The 3079th Aviation Depot Wing, Air Materiel Command, United States Air Force, headquartered at Wright-Patterson Air Force Base, Ohio, was a weapons of mass destruction unit of key strategic importance and special weapons storage wing active until 1962.
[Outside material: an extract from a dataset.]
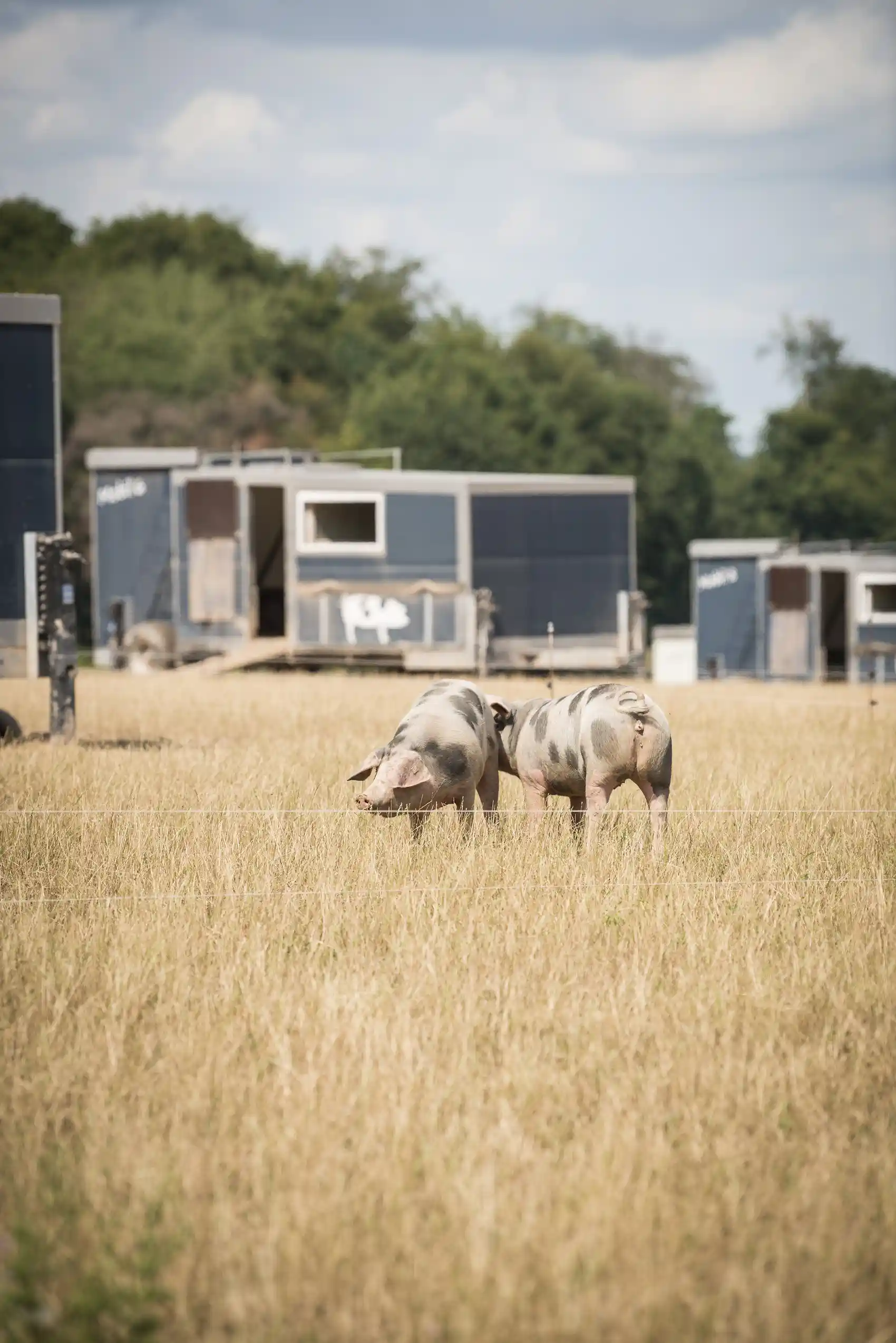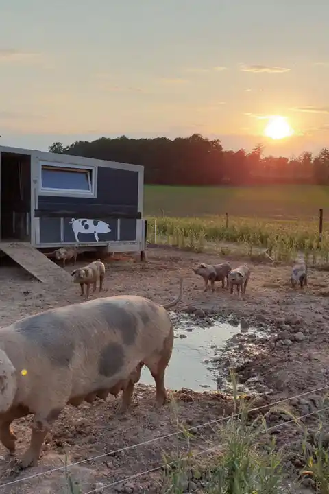 In den mobilen Ställen werfen die Sauen auch ihre Ferkel und säugen sie 8 Wochen lang. Die Muttermilch verleiht den Ferkeln Widerstandsfähigkeit gegen Krankheiten und fördert die Stärkung des natürlichen Immunsystems. Nach dem Absetzen bleiben die Jungschweine bis zum Schlachten im stressfreien Familienbund zusammen in dem mobilen Stall.

It had five Aviation Depot Groups storing and maintaining nuclear weapons, The 3080th Aviation Depot Group at Caribou AFS / Loring AFB, ME (17 Dec 1951 – 1 Jul 1962); 3081st Aviation Depot Group at Rushmore AFS / Ellsworth AFB, SD (4 Feb 1952 – 1 Jul 1962); 3082nd Aviation Depot Group at Deep Creek AFS / Fairchild AFB, WA (4 Apr 52 - 1 Jul 1962); 3083rd Aviation Depot Group at Fairfield AFS / Travis AFB, CA (4 Sep 1952 – 1 Jul 1962); and 3084th Aviation Depot Group at Stoney Brook AFS / Westover AFB, MA (17 Mar 54 - 1 Jul 1962); plus three squadrons which transported special weapons worldwide using C-124 Globemaster II aircraft. These were the 7th Logistic Support Squadron at Robins Air Force Base, Warner Robins, Georgia, the 28th Logistic Support Squadron based in Hill Air Force Base, Ogden, Utah, and the 19th Logistic Support Squadron based at Kelly Air Force Base, San Antonio, Texas.

The 3079th ADW was inactivated effective 1 July 1962.